Regarding the statutory defence under section 238(5), the court accepted that the Company’s board approved the transaction in good faith and for the purpose of carrying on its business. However, the court found that the liquidator was entitled to argue that the transaction was not necessary or objectively reasonable to benefit the Company, given alternative possible solutions to the corporate paralysis existed.
The court rejected the Respondent’s submission that no order could be made because it was impossible to restore the parties to their prior positions. It reasoned that the court’s primary concern is restoring the Company’s position, and that full restoration of the counterparty’s position is not required.
On the preference claim under section 239, the court found that the liquidator faced significant hurdles. The preference was given outside the six-month period applicable to non-connected persons, and Respondent was not a connected person. The liquidator’s attempt to establish Plaintiff as a connected person via shadow director status was rejected on statutory interpretation and precedent grounds, as the directors were not accustomed to act on Plaintiff’s directions collectively.
Consequently, the court concluded that the liquidator’s preference claim under section 239 had no real prospect of success and should not proceed to trial.
Holding and Implications
The court allowed the liquidator’s claim under section 238 to proceed, finding that there is a real prospect of success on the claim that the 2000 compromise constituted a transaction at an undervalue. The court emphasized that the liquidator is entitled to pursue evidence and argument on whether the transaction was necessary and beneficial to the Company and whether the statutory defence applies.

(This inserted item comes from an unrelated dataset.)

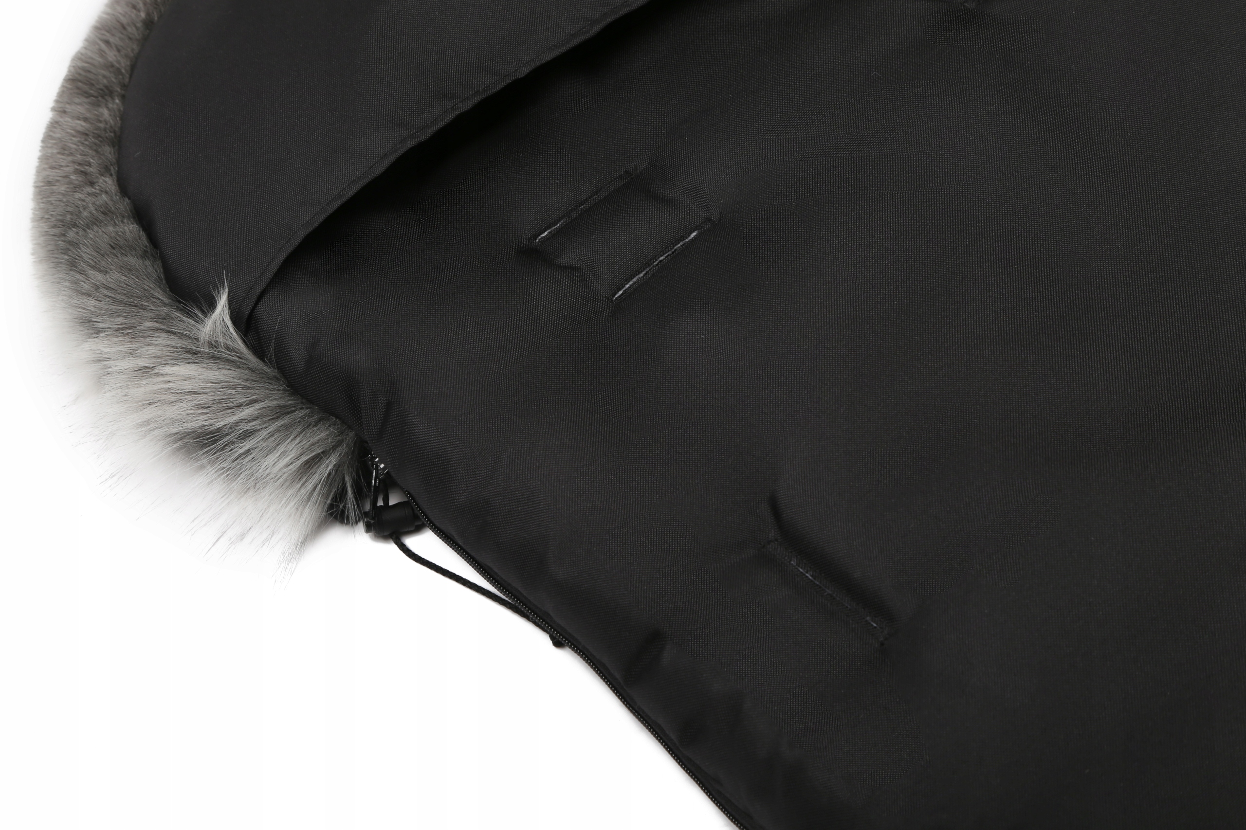 - В верхней части регулируемый капюшон с искусственным мехом, защищающий от ветра. Мех отстегивается.

The court dismissed the liquidator’s alternative claim under section 239 that the covenant and charge constituted a preference, as it was time-barred and the Respondent was not connected to the Company.
The decision does not establish new precedent but clarifies the application of sections 238 and 239 of the Insolvency Act 1986 in the context of complex corporate disputes involving undervalue transactions and preferences, particularly with regard to the interpretation of "shadow director" and the court’s discretion in making restoration orders.